The emphasis in this homework assignment is on developing your skills for expressing a
problem, clearly and precisely, so that it can be solved algorithmically. Note that you will
receive good marks if you are able to transform these two “word problems” from the text
into algorithmic specifications, even if you are unable to design an efficient algorithm that
meets your specifications.

∙ 5 marks. Specify the problem inputs, in commented pseudocode. For example, the first
input for the stable matching problem might be specified as follows.

integer n; // the number of men; also the number of women

∙ 5 marks. Specify the constraints (if any) on the inputs, with a brief indication of
why each constraint can be reasonably assumed to hold for every instance of the given
problem. Example:

// n >= 1, there must be at least one man and woman,


// for otherwise there can be no matching.

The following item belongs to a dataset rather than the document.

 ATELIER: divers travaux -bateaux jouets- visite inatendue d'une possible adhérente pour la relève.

∙ 5 marks. Specify the problem outputs, in commented pseudocode. Example:

integer S[1..n]; // a stable perfect matching of men to women,


// where S[i]=j if the i-th man is matched to the j-th woman.

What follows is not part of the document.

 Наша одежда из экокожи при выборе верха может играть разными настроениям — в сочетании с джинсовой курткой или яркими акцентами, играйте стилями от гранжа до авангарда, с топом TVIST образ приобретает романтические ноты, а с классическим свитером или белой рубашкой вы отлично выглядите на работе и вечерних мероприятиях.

∙ 15 marks. Specify the constraints on the outputs. For example, for the stable matching
problem, the output must be a stable and perfect matching, so you must define the
conditions on S[] which ensure it is a matching, that it is stable, and that it is perfect.

1
To get full credit, your output constraints must be necessary and sufficient to solve
the given problem. If you define the constraints too narrowly (that is, with conditions
that are “sufficient but not necessary”), then you have overconstrained the algorithm,
possibly rendering it infeasible even though the given problem can be feasibly solved. If
you define the conditions too broadly (i.e. necessary but not sufficient) then you have
underconstrained the algorithm, and its output is unreliable as a solution to the given
problem.
∙ 5 marks. Write commented pseudocode for an algorithm which takes the inputs, which
produces outputs of the required form, which meets as many of the output constraints
as possible (under the assumption that the input meets all of its constraints), and which
is efficient. You will get partial credit for producing an algorithm which isn’t efficient,
so if you get “stuck” on this question you should write an exponential-time exhaustive
search algorithm and complete the assignment by answering the next two questions.

∙ 10 marks. Evaluate the correctness of your algorithm: does it meet all constraints?
Explain your reasoning. This need not be a formal proof, but it must be persuasive
and accurate to receive full marks.
∙ 5 marks. Evaluate the runtime of your algorithm, explaining your reasoning. Your
evaluation should include a big-O analysis as well as a brief discussion of whether you
see any possibility that a more efficient algorithm might exist.